Although semantic segmentation of 2D images is crucial to attaining scene understanding, there are still some limitations to visual sensors, such as the inefficiency of acquiring information under insufficient light, lack of depth information and limited field of view. In contrast, LiDAR can obtain accurate depth information with higher density and wider viewing field regardless of lighting conditions, which makes it a more reliable source of information for environmental perception.
1. Introduction
Scene understanding is one of the most critical tasks in autonomous driving. With the challenges introduced by recent technologies such as autonomous driving, a detailed and accurate understanding of the road scene has become a main part of any outdoor autonomous robotic system in recent years. Although semantic segmentation of 2D images is crucial to attaining scene understanding, there are still some limitations to visual sensors, such as the inefficiency of acquiring information under insufficient light, lack of depth information and limited field of view. In contrast, LiDAR can obtain accurate depth information with higher density and wider viewing field regardless of lighting conditions, which makes it a more reliable source of information for environmental perception. Therefore, the scene understanding of LiDAR point clouds with semantic segmentation has become a focal point in autonomous driving.
According to point clouds’ encoding methods, the current LiDAR point clouds semantic segmentation methods can be divided into three categories: point-based methods, voxel-based methods, and projection-based methods.

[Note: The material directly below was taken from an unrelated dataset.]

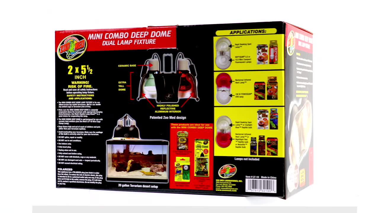 DESCRIPTIONThe Zoo Med Mini Combo Deep Dome Reptile Lamp Fixture offers two fixtures in one for maximum convenience! The dual fixture allows for one Basking Spot Lamp or 100 W PowerSun UV Lamp and one Nightlight Heat Lamp.

In terms of speed, there is a lot of computation and memory consumption in point-based and voxel-based methods, which makes it difficult to achieve real-time effects with the on-board computing platform. A higher priority should be placed on real-time performance when it comes to autonomous driving than segmentation accuracy. In contrast, projection-based methods are lightweight and fast, so real-time effects can be achieved during deployment. In terms of segmentation accuracy, the projection-based method has shown some success. However, since the point cloud information is not fully utilized during feature extraction, there is still room for improving segmentation accuracy.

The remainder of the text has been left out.